結果：diffはほぼ0なので大丈夫そうです。

diff:  [[[[0.00 0.00 0.00 0.00 0.00 0.00 0.00 0.00]
   [0.00 0.00 0.00 0.00 0.00 0.00 0.00 0.00]
   [0.00 0.00 0.00 0.00 0.00 0.00 0.00 0.00]
   [0.00 0.00 0.00 0.00 0.00 0.00 0.00 0.00]]

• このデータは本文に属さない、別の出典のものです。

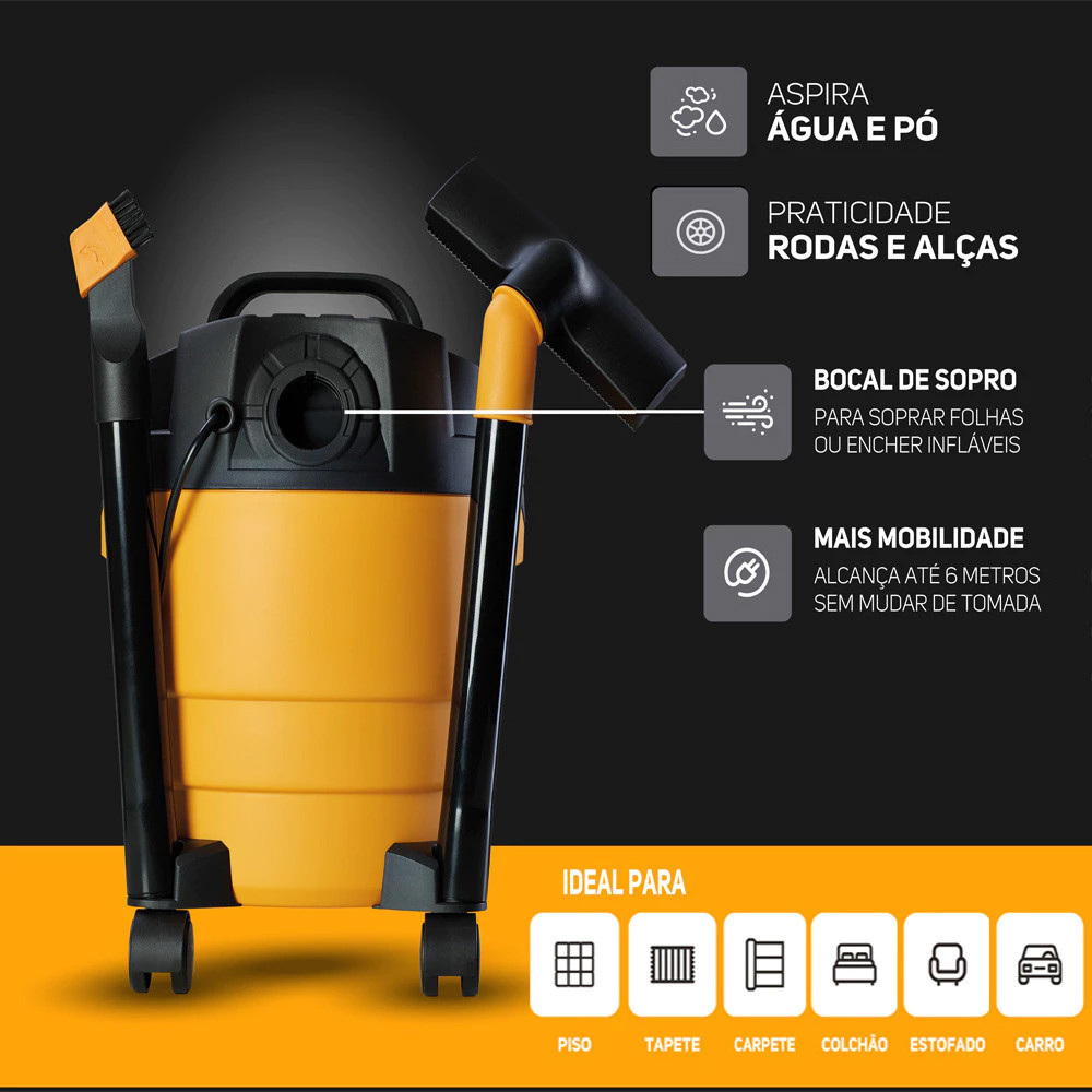 Aspirador de Pó e Água 10 Litros Com Rodas Função Soprador de Folhas WAP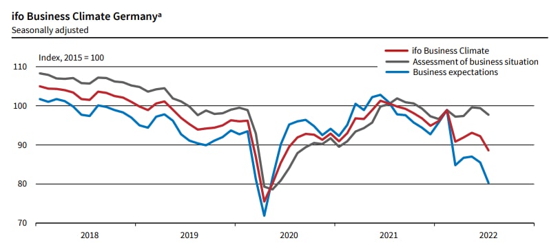 Давление на экономику оказывают высокие цены на энергоносители и надвигающаяся нехватка газа. Ухудшение настроений фиксируется в промышленном секторе, сфере услуг, торговле, строительной отрасли. Из чего ifo делает вывод о надвигающейся рецессии.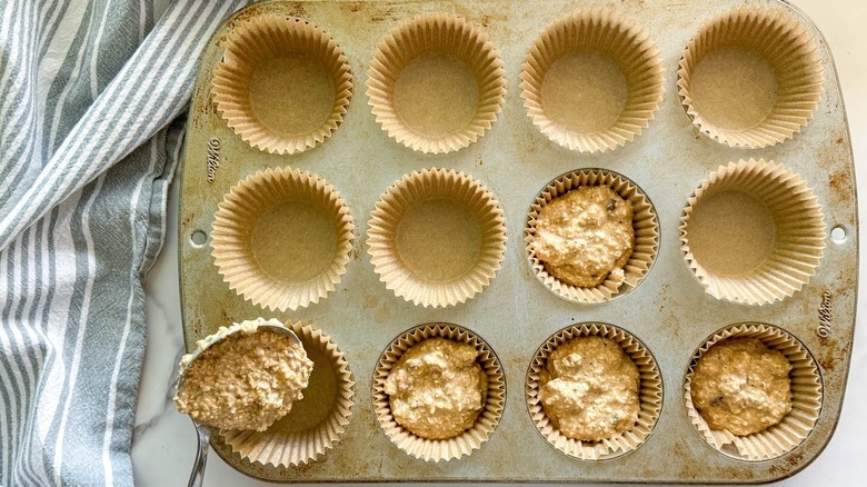 Distribute the batter into the prepared muffin tin.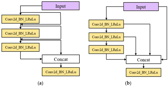 The OSA Block is an improvement on the Dense Block (whose structure is shown in Figure 4a) in the DenseNet [33,34]. It does away with the fusion method, where each layer aggregates the previous layer to avoid information redundancy. It takes the form of fusing all the previous layers at once in the last layer, so that the input size remains the same and new output channels can be expanded while reducing the number of parameters. The structure of the OSA Block is shown in Figure 4b.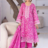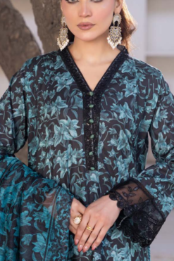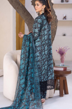 Elegant teal floral embroidered Slub Dhanak 3 piece suit with embroidered shawl and matching dyed trouser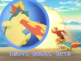Justo cuando Ash acaba de perder con Cyndaquil y tiene dudas sobre si debería evolucionar, aparece un Quilava, evolución de Cyndaquil. Ash puede ver que Quilava es muy ágil, pero aún así sigue confiando en su Cyndaquil.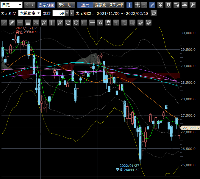 今日の日経平均は続落。昨日のニュースを引きずってアメリカが下げたので日経も下げの流れから米露外相会談の可能性が伝わった後に戻した感じ。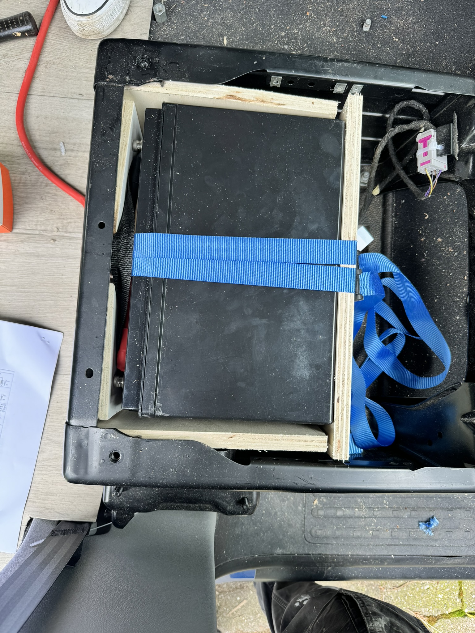 De accu moet natuurlijk goed beschermd in een bak onder de stoel komen. Van hout hebben we mooi een frame gemaakt, dit moet bij impact en beweging niet kunnen schuiven en/of de accu doorboren.

  [[0.00 0.00 0.00 0.00 0.00 0.00 0.00 0.00]
   [0.00 0.00 0.00 0.00 0.00 0.00 0.00 0.00]
   [0.00 0.00 0.00 0.00 0.00 0.00 0.00 0.00]
   [0.00 0.00 0.00 0.00 -0.00 -0.00 -0.00 -0.00]]]]

解説

テンソルの軸形状

テンソル「Q,K,V,out」の軸形状は「… s e」を想定しています。

… : なんでも。主に「b h」（バッチ軸、ヘッド軸）を想定。
s : シーケンス軸
e : Embedding軸

計算式とコードの対応

一時変数の注意点

並列実行されるforループ内に記述した一時変数「mat」は、並列実行時に各スレッドブロック（Thread Block。GPU上で並列に実行されるスレッドの論理グループ）で別々に作成されます。

そのため、一時変数「mat」の軸は「… s e」ではなく「s e」でよいです。
（というより、Taichiスコープ内ではfieldのように動的にメモリ確保する変数は定義できません。組み込み型のVector, Matrixなら定義できます。）

mat = ti.Matrix([[-1e9] * sequence_size for _ in ti.ndrange(sequence_size)], ti.f32)

工夫した点

ランク多態性

さまざまな階数のテンソルを処理できる性質を私はランク多態性と呼んでいます。（正式な用語ではないと思います。）

こちらのスレッドの発言をそのまま使わせてもらっています。

基本的にQ,K,V,outのテンソル形状は「b h s e」軸を想定しています。
しかし、scaled_dot_product_attentionの処理で必要な軸（つまりインターフェース）は「s e」軸だけです。
そこで、それ以外の軸形状は分離しました。そのため、様々な形状「… s e」のテンソルをこの関数だけで処理できるようにしています。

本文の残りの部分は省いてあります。